**AIM OF THE TASK**
Nothing outside the lines below from the one containing "On September 7, 2012, the" through the one containing "Рубашка Mia-Mella с" is to be printed; print those exactly, ends included, and drop the pictures.

**TASK MATERIAL**
□ □ □

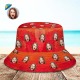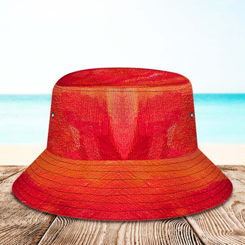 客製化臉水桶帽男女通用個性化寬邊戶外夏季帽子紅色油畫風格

□ □ □

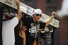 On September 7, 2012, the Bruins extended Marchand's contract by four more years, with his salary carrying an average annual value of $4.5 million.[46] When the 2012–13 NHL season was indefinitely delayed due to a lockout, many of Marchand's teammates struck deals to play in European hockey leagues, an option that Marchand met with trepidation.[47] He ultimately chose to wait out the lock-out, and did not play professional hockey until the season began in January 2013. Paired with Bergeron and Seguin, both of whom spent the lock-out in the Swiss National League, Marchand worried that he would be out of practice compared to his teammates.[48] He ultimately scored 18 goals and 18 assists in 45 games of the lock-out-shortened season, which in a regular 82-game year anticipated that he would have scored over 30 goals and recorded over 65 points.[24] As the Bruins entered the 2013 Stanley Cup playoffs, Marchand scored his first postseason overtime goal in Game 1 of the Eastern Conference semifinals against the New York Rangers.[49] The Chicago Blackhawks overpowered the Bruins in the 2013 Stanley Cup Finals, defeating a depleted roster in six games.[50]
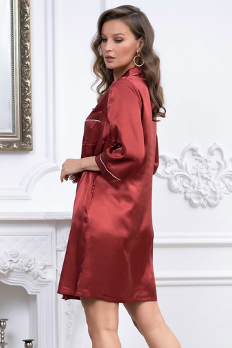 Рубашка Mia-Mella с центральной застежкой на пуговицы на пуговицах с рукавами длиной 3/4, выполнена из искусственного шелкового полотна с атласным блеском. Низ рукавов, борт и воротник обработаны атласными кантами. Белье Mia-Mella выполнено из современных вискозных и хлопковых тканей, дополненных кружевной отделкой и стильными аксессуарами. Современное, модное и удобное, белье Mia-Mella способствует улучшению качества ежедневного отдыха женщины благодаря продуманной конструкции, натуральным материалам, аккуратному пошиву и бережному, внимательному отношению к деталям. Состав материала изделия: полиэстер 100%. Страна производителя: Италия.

□ □ □

**WRITTEN SOLUTION**
 On September 7, 2012, the Bruins extended Marchand's contract by four more years, with his salary carrying an average annual value of $4.5 million.[46] When the 2012–13 NHL season was indefinitely delayed due to a lockout, many of Marchand's teammates struck deals to play in European hockey leagues, an option that Marchand met with trepidation.[47] He ultimately chose to wait out the lock-out, and did not play professional hockey until the season began in January 2013. Paired with Bergeron and Seguin, both of whom spent the lock-out in the Swiss National League, Marchand worried that he would be out of practice compared to his teammates.[48] He ultimately scored 18 goals and 18 assists in 45 games of the lock-out-shortened season, which in a regular 82-game year anticipated that he would have scored over 30 goals and recorded over 65 points.[24] As the Bruins entered the 2013 Stanley Cup playoffs, Marchand scored his first postseason overtime goal in Game 1 of the Eastern Conference semifinals against the New York Rangers.[49] The Chicago Blackhawks overpowered the Bruins in the 2013 Stanley Cup Finals, defeating a depleted roster in six games.[50]
 Рубашка Mia-Mella с центральной застежкой на пуговицы на пуговицах с рукавами длиной 3/4, выполнена из искусственного шелкового полотна с атласным блеском. Низ рукавов, борт и воротник обработаны атласными кантами. Белье Mia-Mella выполнено из современных вискозных и хлопковых тканей, дополненных кружевной отделкой и стильными аксессуарами. Современное, модное и удобное, белье Mia-Mella способствует улучшению качества ежедневного отдыха женщины благодаря продуманной конструкции, натуральным материалам, аккуратному пошиву и бережному, внимательному отношению к деталям. Состав материала изделия: полиэстер 100%. Страна производителя: Италия.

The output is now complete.